To the Editor:

We recently reported a detailed clinicopathologic study of 116 cases of anal squamous cell carcinoma (SqCC) that demonstrated the utility of HPV and TP53 mutation status in prognostication and described corresponding patterns of p16 and p53 immunohistochemical staining that are clinically meaningful1. As part of our study, we performed Cox proportional hazards multivariate analysis, which showed that HPV status, tumor T stage, lymph node involvement, and age were statistically associated with survival while controlling for the other predictors in the model. A recent correspondence by Ramia de Cap and Kaul questioned the validity of this analysis, labeling it “likely… inaccurate,” a dismissive characterization that is unsubstantiated.

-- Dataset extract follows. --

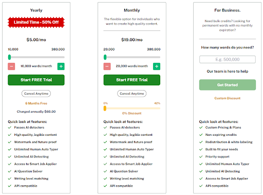 Undetectable.ai clearly has more features. Especially useful for students (job applicants, solvers) and developers (API). But its 10k word limit is still less for marketers or content writers. Because they usually detect a single passage multiple times while humanizing it.
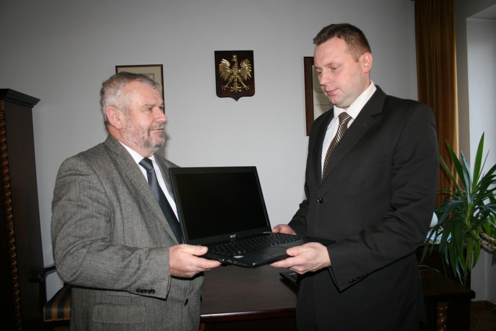 (...) który starosta Marian Gamrat, po wcześniejszej decyzji Zarządu Powiatu, przekazał na ręce zastępcy komendanta podinsp. Wojciecha Domagały. Jak zapewnił w podziękowaniu reprezentant mundurowej jednostki, nowy sprzęt będzie pomocny w codziennej pracy miechowskich funkcjonariuszy, m.in ,,na zwiększenie skuteczności działań profilaktycznych prowadzonych z udziałem młodzieży i podniesienia poziomu prelekcji oraz przy realizacji szkoleń doskonalenia zawodowego funkcjonariuszy i pracowników policji". Starosta dodał, że skuteczność działania miechowskiej Policji i jej dobre notowania wśród małopolskich jednostek zachęcają samorząd powiatowy do wspierania KPP w jej niełatwej pracy, której ceną jest bezpieczeństwo i porządek w mieście i powiecie.

Ramia de Cap and Kaul argue that an events-per-variable (EPV) ratio of >10:1 is “required” for Cox proportional hazards analysis. In fact, a 10:1 EPV ratio is not, as the letter authors suggest, an inviolable law whose breach will “mislead the medical field” but rather a rough guideline for sample size that is based on simulation studies with design limitations2. Many studies have challenged the 10:1 EPV rule3,4,5, and some epidemiological researchers have concluded that “there is no single rule based on EPP [events per predictor] that would guarantee an accurate estimation of logistic regression parameters5.” Others have concluded that the current evidence underlying the 10:1 EPV rule as a minimum sample size criterion for logistic regression is weak6. Similarly, it has been established that in many cases an EPV threshold of 10:1 can be relaxed without significantly impacting the accuracy of results3, particularly in uncommon disorders with a low disease prevalence, such as anal SqCC4. Indeed, when our analysis is limited to the four variables initially found to be statistically significant (thereby increasing the EPV to 7.8), all remain significantly associated with survival (HPV status: p = 0.0092; age at diagnosis: p = 0.0014; T stage: p = 0.0223; lymph node involvement: p = 0.0324). Similarly, when this analysis was repeated with Firth’s correction, a method for increasing the efficiency of the estimators in logistic regression with small samples6, all variables remained statistically significant. When age is dropped and the analysis is limited to three variables (HPV status, T stage, and lymph node involvement), thereby increasing the EPV to >10, all variables similarly remain statistically significant. These findings confirm that our results are consistent and robust.

To their credit, Ramia de Cap and Kaul have emphasized a limitation inherent to many studies of uncommon subtypes of tumors, in which sample size and the number of events are intrinsically low, precluding an EPV of >10:1. In such studies on the clinical significance of uncommon variants of neoplasia, strict adherence to the 10:1 EPV recommendation would sever important lines of research7. Higher case numbers, resulting in higher EPV, would be preferable in nearly every study in the field of pathology, but this is not always possible due to disease rarity. While we acknowledge that our statistical analysis is limited by the sample size and number of events in our cohort, we note that our analysis is larger than previous studies with detailed clinical, pathologic, and molecular analysis of anal carcinoma8,9.

Tumor T stage and lymph node involvement are well-established as markers of prognosis in anal SqCC. These variables form the basis for the TNM staging of anal SqCC and are routinely used to place patients into clinically relevant risk groups that are associated with outcome. Similarly, it is established that HPV status is correlated with survival, with HPV-negative status portending a poor prognosis8,9,10. Our findings fall squarely in line with these established associations, supporting their validity.

Finally, we strongly encourage the letter authors to abstain from heedlessly attributing perceived flaws in the work of their peers to ignorance, and instead to consider, in good faith, that their peers’ analyses are deliberate and informed of limitations, which no study or statistical analysis lacks.